Frida Kahlo, Diego Rivera, and Mexican Modernism from the Jacques and Natasha Gelman Collection 
Frida Kahlo, Self-Portrait with Braid, 1941, oil on canvas. The Jacques and Natasha Gelman Collection of 20th-Century Mexican Art and the Vergel Foundation and MondoMostre in collaboration with the Instituto Nacional de Bellas Artes y Literatura (INBAL). © 2022 Banco de Mexico Diego Rivera Frida Kahlo Museums Trust, Mexico, D.F./ Artists Rights Society (ARS), New York. Photo: Gerardo Suter

Frida Kahlo, Diego Rivera, and Mexican Modernism from the Jacques and Natasha Gelman Collection 

Portland Art Museum, Portland, OR - To June 5

by Allyn Cantor

This nationally traveling exhibition highlights the Mexican Modernist art movement, celebrating two artists whose life stories and creative innovations were influential for generations. Frida Kahlo and Diego Rivera were central figures in a vibrant artistic renaissance that began to flourish in the 1920s, following the Mexican Revolution.

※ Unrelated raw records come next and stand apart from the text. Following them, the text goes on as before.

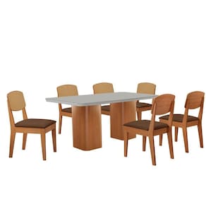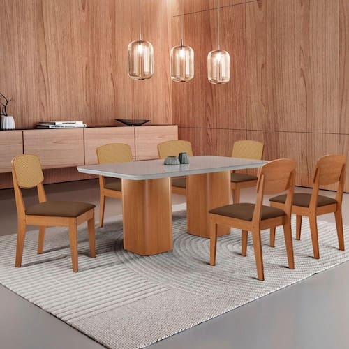 Mesa De Jantar Eloise 180cm Tampo Mdf 6 Cadeiras Moderna Veludo Marrom/nat/off/serig. Off Conjunto Sala de Jantar Mesa Eloise e Cadeira Copper Premium A Mesa Eloise e uma peca de design sofisticado, com tampo em MDF Canto Copo e Vidro, que adiciona elegancia e modernidade ao ambiente. Seu grande destaque esta nas bases com formato de torres, que trazem um visual marcante. A Cadeira Copper Premium combina design contemporaneo e conforto, com encosto em MDF Vidro moldado que proporciona suporte ergonomico ideal. Seu estofado macio garante um assento aconchegante, enquanto o acabamento refinado e os detalhes sofisticados no encosto, que imitam rattan, valorizam seu visual, tornando-a perfeita para ambientes modernos e elegantes.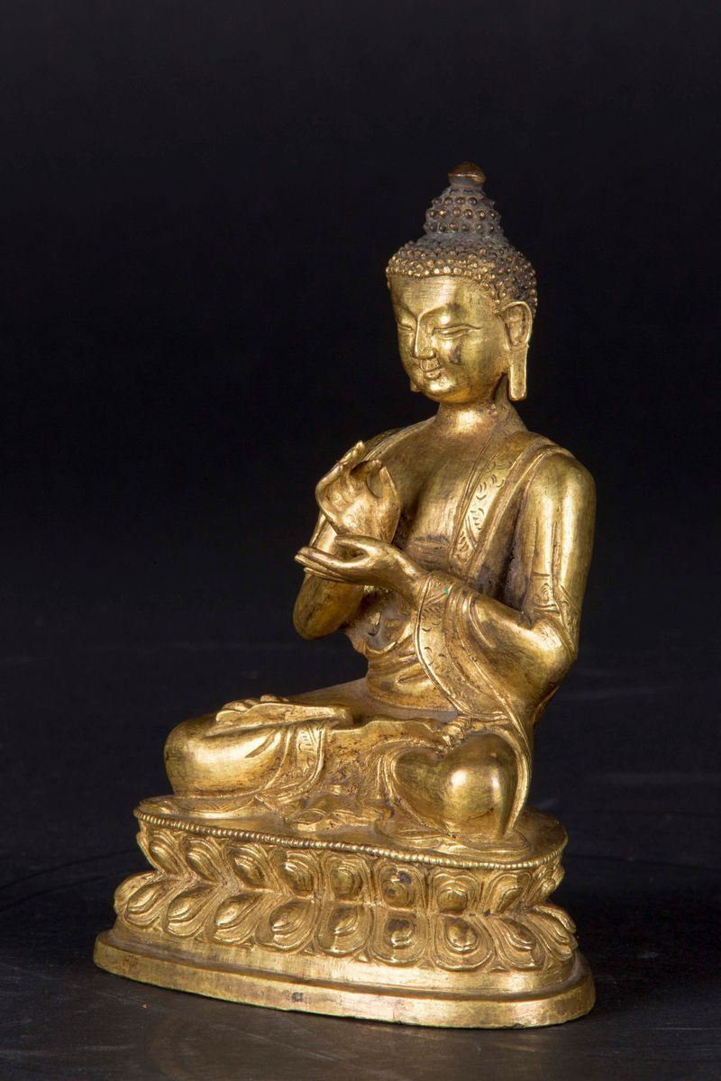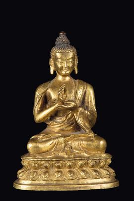 A gilt bronze figure of Sakyamuni on a double lotus flower, China, Qing Dynasty, 18th century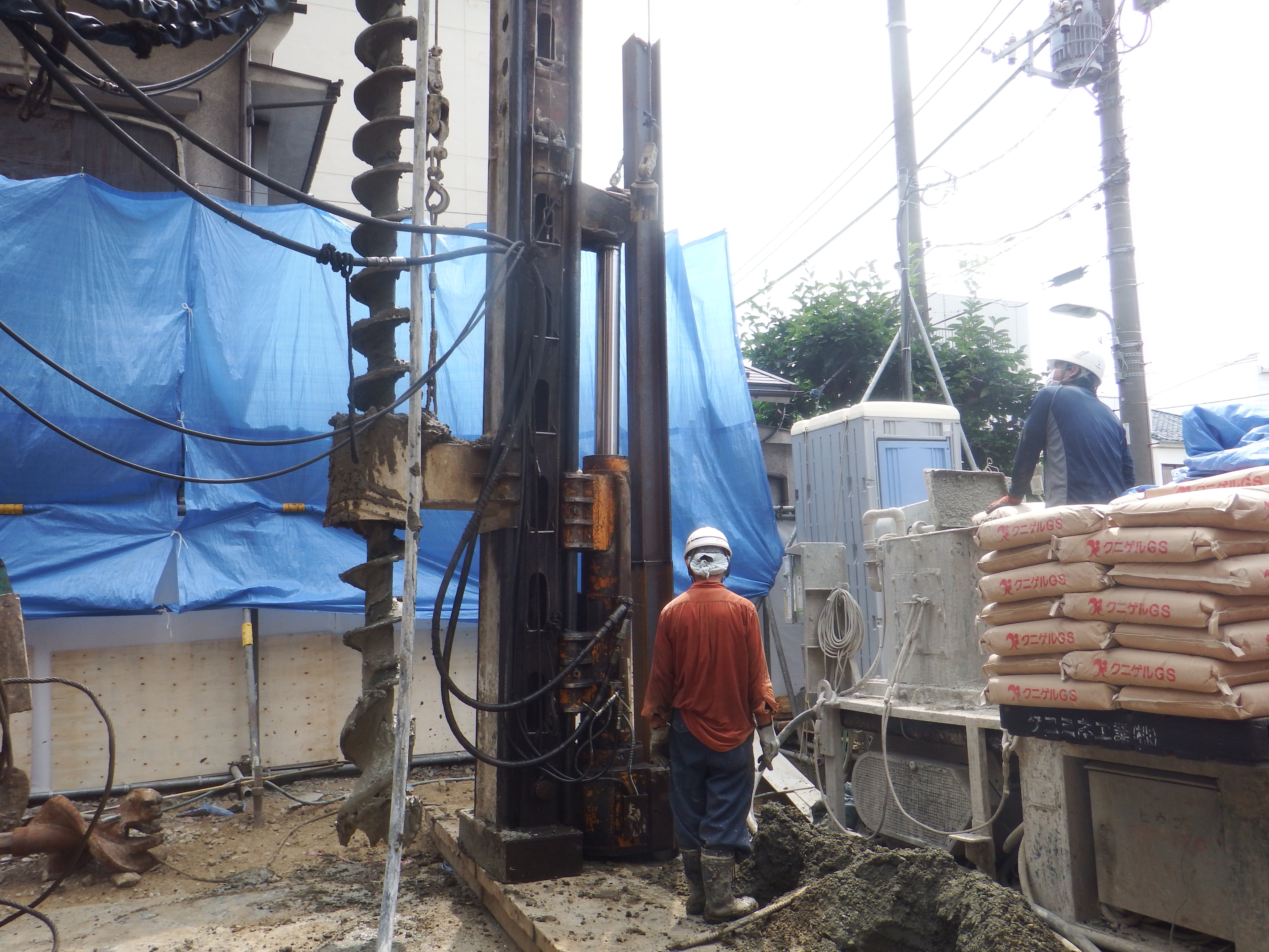 地面にあけた穴にH型鋼を挿すだけではぐらつくので、ドリルでの掘削の際セメントミルクを地中に噴射しながら穴の中の土砂をかきまぜてドリルを抜くと泥状の穴が出来あがります。そこへH型鋼を挿入すると、しっかりした親杭が出来上がります。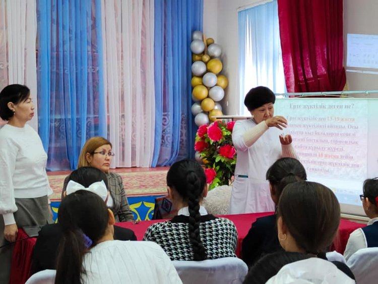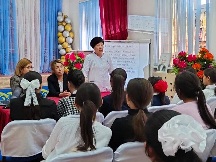 Әдептілік туралы ұғым қалыптастыру, кішіпейілділік, нәзіктік, инабаттылық жайында қыз балалардың ойын дамыту, қоғамдық ортада өзін-өзі ұстай білуге, ізгілікке, мәдениеттілікке, үлкенді сыйлауға, кішіге үлгі бола білуге тәрбиелеу мақсатында "Ергөбек" негізгі орта мектебінде 7- 9 сынып қыздарына қыздар жиналысы өткізілді. Қазіргі қыз тәрбиесі тақырыбында өзекті мәселелер талқыланып, ақыл-кеңестер берілді. Қыздар қоғамдық ортада өзін қалай ұстауы туралы өз пікірлерімен бөлісті. Қыздар өз ойларын ашық ортаға сала отырып, өз сұрақтарына жауап ала білді. Директордың тәрбие жұмысы жөніндегі орынбасары М.Бейсенгір мен мектеп медбикесі Ж.Сеңгірбекова жыныстық өмірдің ерте басталуы қыз баланың психикасының бұзылуына әсер ететінін, ерте жүктілік және амалсыз аборттың қыз денсаулығына орны толмас зиян келтіретінін және оның одан әрі репродуктивті функциясына кері әсер ететіндігін өмірде болған оқиғалармен, видео роликтер арқылы түсіндіріп айтты.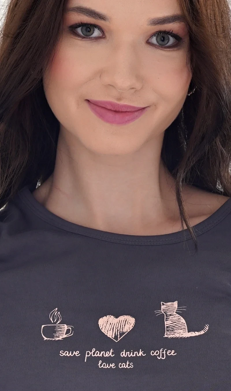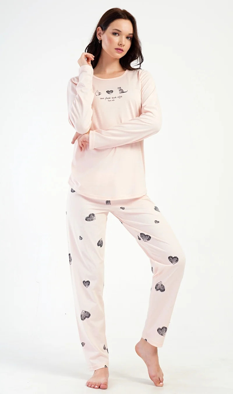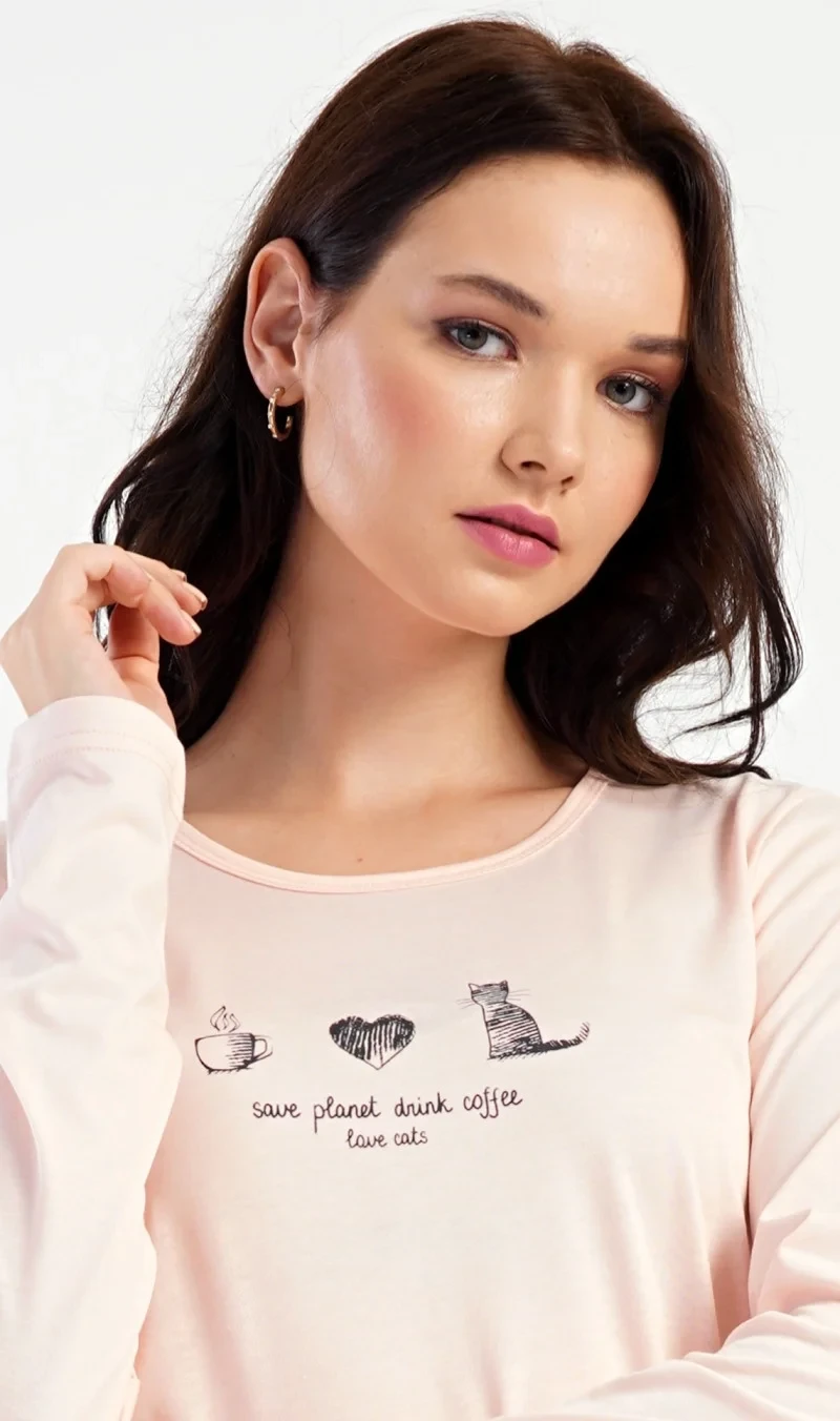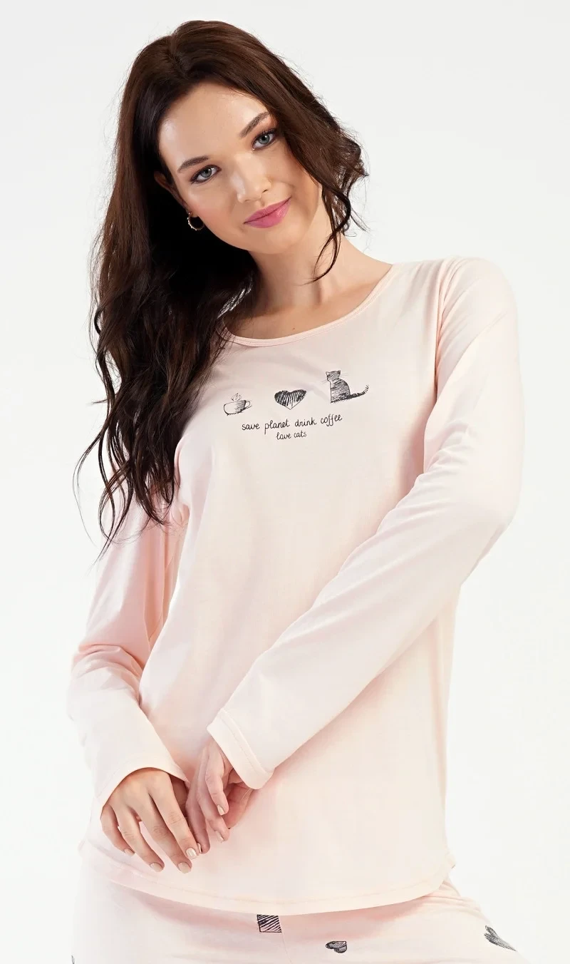 Dámské bavlněné dlouhé pyžamo Kočka. Dámské pyžamo se skládá z trika s dlouhým rukávem a dlouhých kalhot. Triko je jednobarevné, zdobené obrázkem šálku kávy, kočky a srdce. Potisk srdíček se opakuje i na kalhotách, které mají v pase gumu a šňůrku na stažení, nemají kapsy. Použitý bavlněný materiál je poddajný a příjemný na dotek.
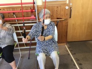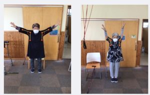 こちらの運動を実施する事で、肩の可動域向上を図っています。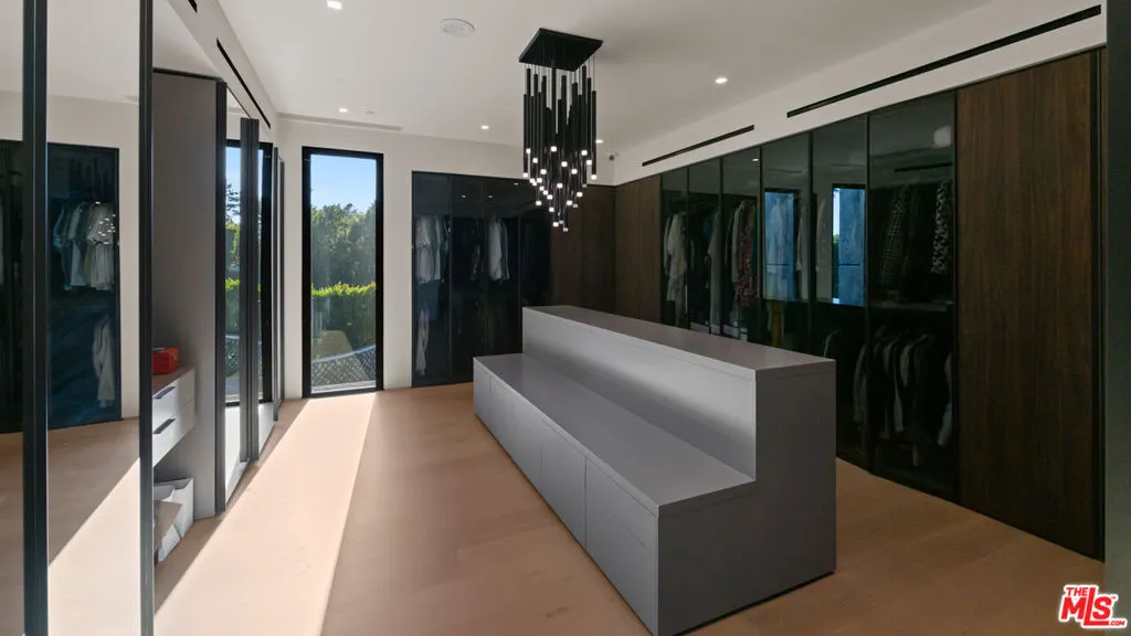 Rising above the city like a goddess in the sky, this modern estate commands sweeping city and skyline views while remaining firmly rooted in Beverly Hills proper. Elevated without isolation and impressive without excess, it offers a rare balance of prestige, privacy, and true family livability designed to resonate with the world’s most discerning buyers while functioning beautifully as a primary residence. Designed by acclaimed architect Thomas Schoos, the home reflects architectural discipline, proportion, and permanence. Arrival is defined by a gated half-moon driveway that allows guests to gracefully circle the residence, while also providing immediate, direct access into an expansive subterranean garage accommodating eight or more vehicles ideal for everyday convenience and for those who value meaningful garage space without sacrificing elegance at the front of the home. The estate is anchored by a full concrete and steel foundation with engineered lumber and structural steel framing, delivering exceptional seismic integrity and long-term durability. Fire-treated materials, high-density insulation, Starfire low-iron glass, a TPO roof with integrated Tesla solar, custom Arcadia metal windows and doors, Mitsubishi VRF zoned climate control, a comprehensive Crestron automation system, and a rare commercial-grade high-speed elevator underscore the home’s commitment to performance, comfort, and longevity. Inside, the residence unfolds as a seamless blend of architectural statement and everyday function. A dramatic 35-foot architectural concrete wall and sculptural floating staircase anchor the interiors, while the main living level opens entirely through a commanding 50-foot motorized sliding glass wall, creating effortless indoor-outdoor flow. The chef’s kitchen features custom Italian Snaidero cabinetry, a full Wolf, Sub-Zero, and Cove appliance suite, and a concealed catering kitchen designed for refined entertaining without disruption. The lower level offers a complete lifestyle environment, including a naturally lit subterranean garage, private screening room, entertainment and game lounge, multiple bars, wine room, guest or staff accommodations, and a fully equipped indoor-outdoor gym. The primary suite serves as a calm retreat with expansive Italian porcelain finishes, a spa-caliber steam shower, refined fixtures, and a private morning bar, while secondary bedrooms and baths are equally well-appointed with designer stone, premium fittings, and intelligent Kohler systems. Outdoors, the estate becomes a true family compound, featuring lush green lawns, a private sport court, and a multi-hole putting green creating rare, usable outdoor space for children, teens, and adults alike. A 55-foot quartz-finished infinity-edge pool and spa, expansive terraces with integrated heating and sound, and unobstructed city views complete the experience. Set moments from the Beverly Hills Hotel and a short drive to the boutiques, dining, and cultural heart of Rodeo Drive, this architecturally significant estate delivers a globally relevant standard of modern living prestigious yet welcoming, powerful yet livable, and designed for both today and legacy.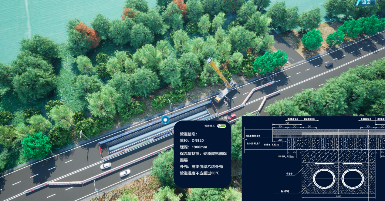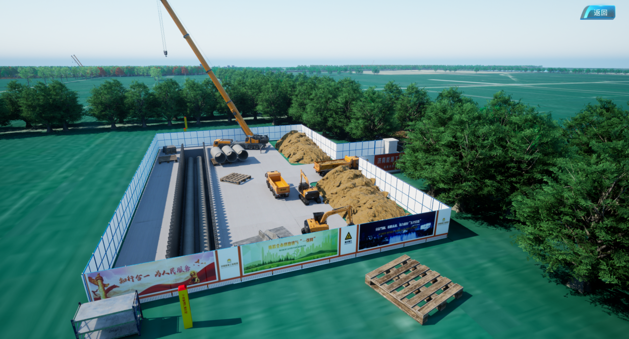 針對“東城智慧”項目,對潘王路段采用三站一網(wǎng)技術(shù)結(jié)合,進行實景還原與施工場景模擬展示,通過光纖與數(shù)控設(shè)備的數(shù)據(jù)與平臺掛接。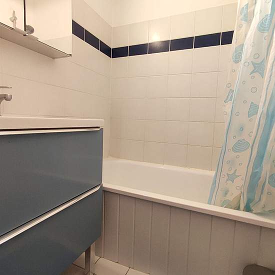 VAUX SUR MER - Dans résidence de bord de mer avec ascenseur et accès piscine, à 100 m de la plage, du casino et des commerces de ROYAN Pontaillac, Appartement T2 meublé de 25m2, 2 pièces comprenant : entrée, salle de bain, wc séparé, coin cuisine (lave linge, mini-four, micro-onde, frigo-congel), séjour/salon avec TV + canapé clic clac (2 pers) ouvrant sur terrasse (store, mobilier de terrasse), une chambre (avec lit 140, commode et petite penderie). Piscine collective ouverte Juillet et Aout. Loyer brut : 550,00 euros Charges mensuelles et ...
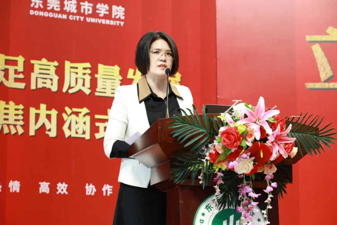 副校长陈葆华作了《扎实推进评估评建工作 推动教育教学高质量发展》的工作报告。她从看清形势,把握规律;明确方向,狠抓落实;有效监控,提升质量三个方面做了报告。她指出本科教学合格评估是国家对本科高校的底线要求也是强制性要求,在重视高等教育的高质量发展背景下,对民办高校的本科教学合格评估要求越来越严格,作为民办高校的我们应该规范和特色两手抓,遵循教育规律和市场规律,重视专业内涵建设,根据民办高校学生特点实现个性化应用型人才培养,依托现代产业学院和乡村振兴学院开展深度产教融合,落实四层递进的实践教学体系,同时强调要逐步构建全方位、全链条的教学质量保障体系为教育教学高质量发展保驾护航。

The married couple had many peers who were among a bigger picture of artists, activist and writers who considered the social, political and cultural potential of their work to shape national identity. Among their contemporaries were Manuel and Lola Álvarez Bravo, María Izquierdo, Carlos Mérida, David Alfaro Siqueiros, Rufino Tamayo and other well-known creatives whose works are included in this exhibition. 

Kahlo’s artistic trajectory began while she was confined to bed after a tragic accident that fractured her pelvis and spine at the age of 18. She painted self-portraits during her recovery and continued to look inward and draw from personal experience throughout her career. The artist’s raw emotional style resulted from intense self-reflection, and often her art would process her pain. Some of her most iconic and revered portraits are part of this show.

Rivera was also famous in his lifetime. He became renowned for his large-scale murals, originally commissioned by the Mexican government to bring ideas to the people on a broader scale. Rivera developed a painting style that rebelled against norms. His simplified figures often depicted socialist themes: the land, people of the working class, as well as heroic and tragic histories infused with his own political ideology. Rivera drew on elements of Indigenous Mexican culture in his work, yet also embraced European styles such as Cubism and Post-Impressionism.

The majority of works in this exhibition are from the collection of Jacques and Natasha Gelman, art patrons who were part of Mexico City’s dynamic art scene. Jacques was well-known for producing films during the 1930s to 1950s, in the Golden Age of Mexican cinema. The couple commissioned and purchased works by many important artists who were also their friends, including Kahlo and Rivera. The extensive exhibition includes over 150 pieces. Alongside paintings and works on paper are a number of photographs as well as examples of period clothing.